Many city dwellers, and country dwellers for that matter, aren't really keyed into their orientation on the Earth.  I certainly never used to be.  It seems more excusable in a city.  I walked around fields, Spy Pond, Rte. 60 and Massachusetts Ave, following the increasing glow of dawn.

I could see that there was a very beautiful sunrise happening out there, but it was difficult to see it around all the buildings.  I even tried to get into a high rise building on the chance that there was access to an upper floor, but the doors were locked.  Lucky thing, perhaps.  Some strange woman goes lurking about in the hallways with her camera at 5:00 in the morning...could raise some alarms.

As always, I found some breathtaking views, even here.

This noble old monument to fair play sits at the top of some old stone bleachers (1910, the plaque indicates)  The bleachers overlook a large playing field, where it was nice to get unobstructed views of the morning sky.  The plaque set off my occasionally cynical self.
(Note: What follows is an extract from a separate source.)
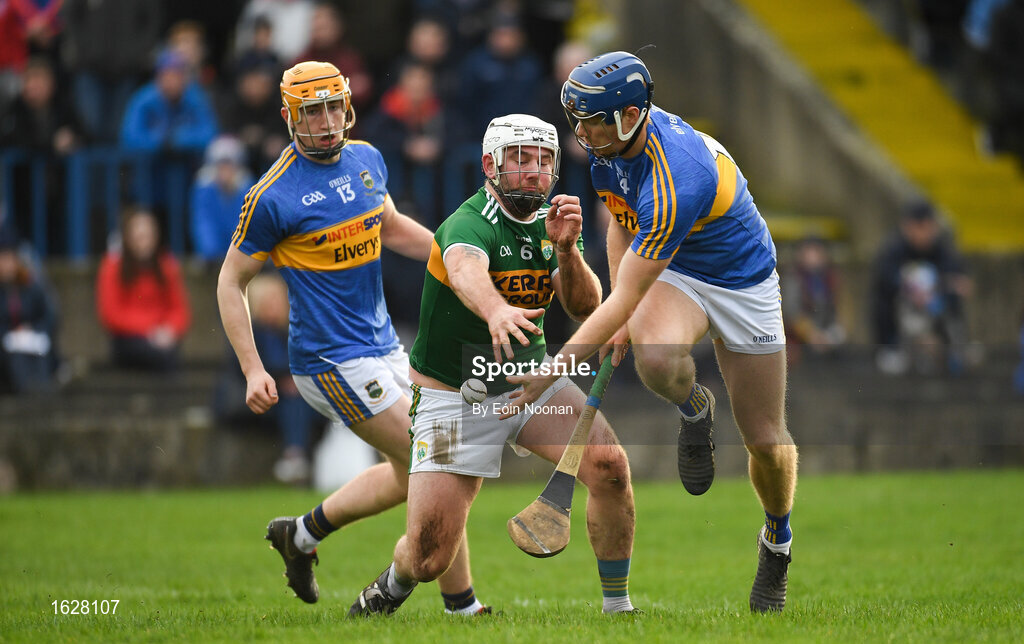 5 January 2019; Jason Forde of Tipperary is tackled by Mikey Boyle of Kerry during the Co-Op Superstores Munster Hurling League 2019 match between Tipperary and Kerry at MacDonagh Park in Nenagh, Co. Tipperary. Photo by Eóin Noonan/Sportsfile

Play fair.  Do we Americans really espouse that notion, as a nation?  Did the minutemen play fair when they hid behind boulders and trees and mowed down those silly redcoats in formation?  Play fair in play, maybe.  When people are watching.  But I think we don't really model fair play in all of our endeavors.  Vigilantes are applauded.  Rogues are celebrated.  The end justifies the means.  All's fair in love and war?  As long as we're right. Is the condition of this monument an indication of how dedicated we are to playing fair?

I'm not sure how I feel about it - but it seems like a slippery stance.